» EXERCISE
Exact reproduction is required for the lines below starting at the line with "данном рейтинге занимает" and ending at the line with "A hands-on science", both included. No other lines, and no pictures.

» DATA FOR REVIEW
*** Begin section ***
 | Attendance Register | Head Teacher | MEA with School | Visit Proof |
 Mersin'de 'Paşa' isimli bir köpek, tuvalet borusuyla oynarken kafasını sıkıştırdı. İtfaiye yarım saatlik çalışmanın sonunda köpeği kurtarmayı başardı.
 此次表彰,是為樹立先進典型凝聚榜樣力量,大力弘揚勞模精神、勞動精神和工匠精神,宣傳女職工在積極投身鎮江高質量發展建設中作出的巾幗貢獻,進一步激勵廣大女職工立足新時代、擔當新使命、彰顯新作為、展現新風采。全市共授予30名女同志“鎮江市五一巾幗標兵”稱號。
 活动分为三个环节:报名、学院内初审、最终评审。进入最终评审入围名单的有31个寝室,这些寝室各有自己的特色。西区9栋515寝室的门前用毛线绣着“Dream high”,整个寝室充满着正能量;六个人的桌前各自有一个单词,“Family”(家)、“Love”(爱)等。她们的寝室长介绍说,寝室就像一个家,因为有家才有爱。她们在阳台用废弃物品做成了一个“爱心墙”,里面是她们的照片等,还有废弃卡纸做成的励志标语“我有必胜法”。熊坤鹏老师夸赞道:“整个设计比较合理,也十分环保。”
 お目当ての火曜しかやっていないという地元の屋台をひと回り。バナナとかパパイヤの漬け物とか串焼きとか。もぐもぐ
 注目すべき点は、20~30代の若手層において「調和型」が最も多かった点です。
*** End section ***
*** Begin section ***
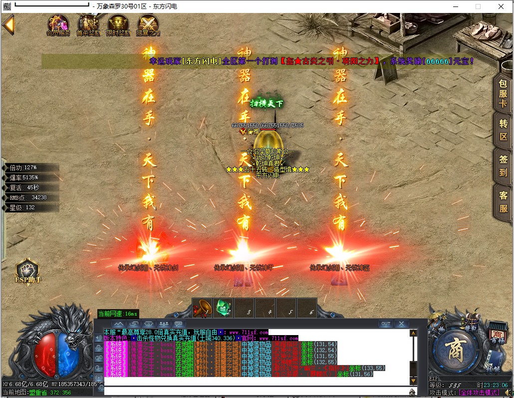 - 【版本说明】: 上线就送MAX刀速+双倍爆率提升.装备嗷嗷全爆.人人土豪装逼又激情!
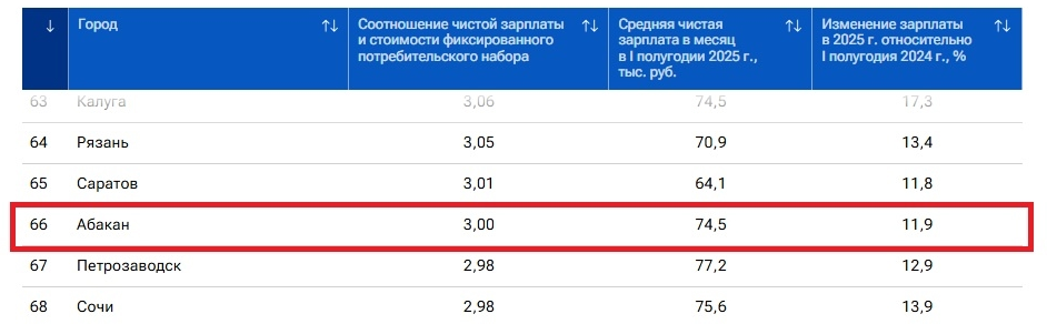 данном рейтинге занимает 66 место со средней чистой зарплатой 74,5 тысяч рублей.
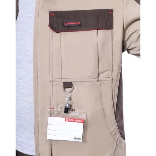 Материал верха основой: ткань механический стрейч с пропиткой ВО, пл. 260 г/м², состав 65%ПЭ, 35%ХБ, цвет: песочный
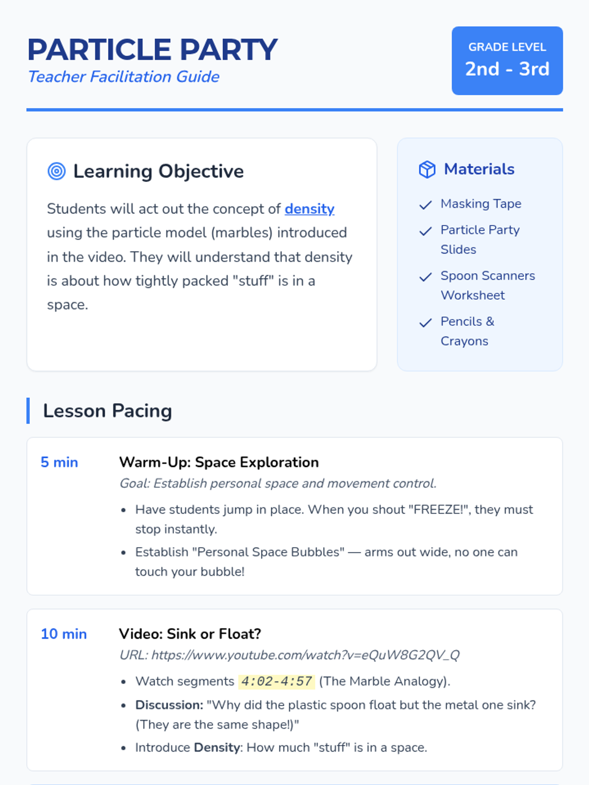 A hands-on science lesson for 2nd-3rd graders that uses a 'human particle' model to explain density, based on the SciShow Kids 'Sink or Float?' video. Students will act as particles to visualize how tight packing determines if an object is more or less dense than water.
*** End section ***
*** Begin section ***
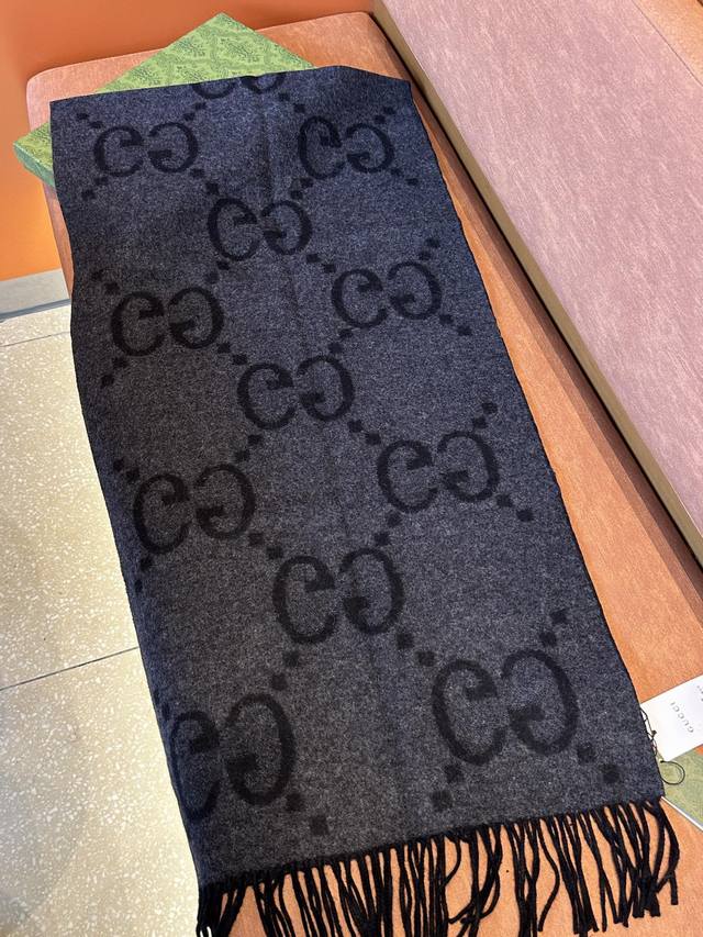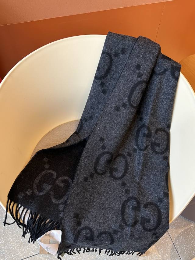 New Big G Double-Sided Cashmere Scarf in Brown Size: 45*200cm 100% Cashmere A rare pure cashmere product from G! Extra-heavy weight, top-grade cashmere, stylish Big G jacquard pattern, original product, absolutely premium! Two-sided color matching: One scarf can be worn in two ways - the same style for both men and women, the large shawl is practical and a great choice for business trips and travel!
*** End section ***
» SOLUTION BELOW
 данном рейтинге занимает 66 место со средней чистой зарплатой 74,5 тысяч рублей.
 Материал верха основой: ткань механический стрейч с пропиткой ВО, пл. 260 г/м², состав 65%ПЭ, 35%ХБ, цвет: песочный
 A hands-on science lesson for 2nd-3rd graders that uses a 'human particle' model to explain density, based on the SciShow Kids 'Sink or Float?' video. Students will act as particles to visualize how tight packing determines if an object is more or less dense than water.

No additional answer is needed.